### WHAT YOU SHOULD DO
Among the lines below, the one containing "Specificaties Lucide CAMPANA" opens the range and the one containing "Bourjois Rouge Edition" closes it. Print that range exactly, without the pictures.

### DATASET RECORDS
————

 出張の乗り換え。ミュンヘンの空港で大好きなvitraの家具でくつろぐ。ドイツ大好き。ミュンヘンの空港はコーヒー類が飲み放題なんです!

————

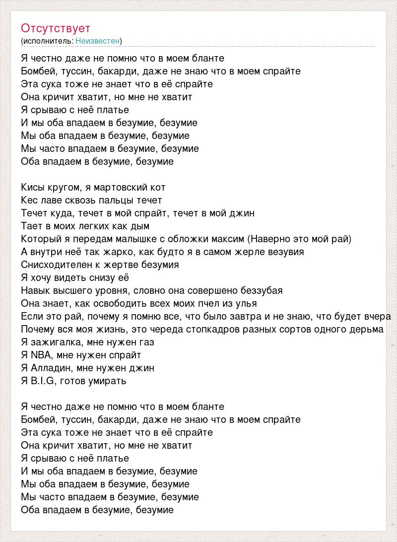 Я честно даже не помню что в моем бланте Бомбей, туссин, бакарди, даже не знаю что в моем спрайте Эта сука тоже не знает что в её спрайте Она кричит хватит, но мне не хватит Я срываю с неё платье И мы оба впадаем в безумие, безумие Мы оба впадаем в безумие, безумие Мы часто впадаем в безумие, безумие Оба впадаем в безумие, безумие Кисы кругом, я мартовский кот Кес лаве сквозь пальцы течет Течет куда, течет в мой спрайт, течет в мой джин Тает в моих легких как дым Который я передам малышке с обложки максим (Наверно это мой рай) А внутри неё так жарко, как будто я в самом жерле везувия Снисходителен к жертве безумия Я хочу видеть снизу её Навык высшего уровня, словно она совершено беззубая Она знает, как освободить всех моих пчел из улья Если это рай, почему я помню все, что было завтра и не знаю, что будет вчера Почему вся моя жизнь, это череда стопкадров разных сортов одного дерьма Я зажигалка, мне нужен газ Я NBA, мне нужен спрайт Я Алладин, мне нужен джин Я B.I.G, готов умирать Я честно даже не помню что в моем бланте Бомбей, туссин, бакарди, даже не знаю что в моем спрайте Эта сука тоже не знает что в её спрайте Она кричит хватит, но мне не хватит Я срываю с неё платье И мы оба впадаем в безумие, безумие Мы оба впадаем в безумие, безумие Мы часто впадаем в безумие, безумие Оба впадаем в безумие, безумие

————

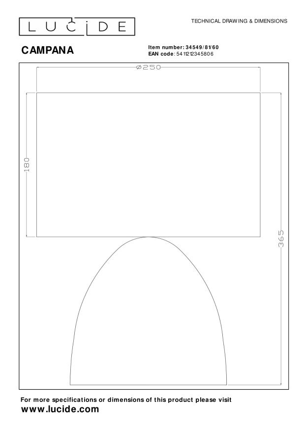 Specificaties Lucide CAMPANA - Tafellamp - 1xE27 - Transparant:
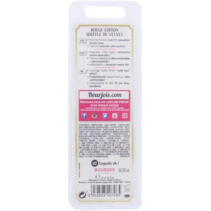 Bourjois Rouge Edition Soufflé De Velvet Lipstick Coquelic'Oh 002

————

### EXERCISE RESPONSE
 Specificaties Lucide CAMPANA - Tafellamp - 1xE27 - Transparant:
 Bourjois Rouge Edition Soufflé De Velvet Lipstick Coquelic'Oh 002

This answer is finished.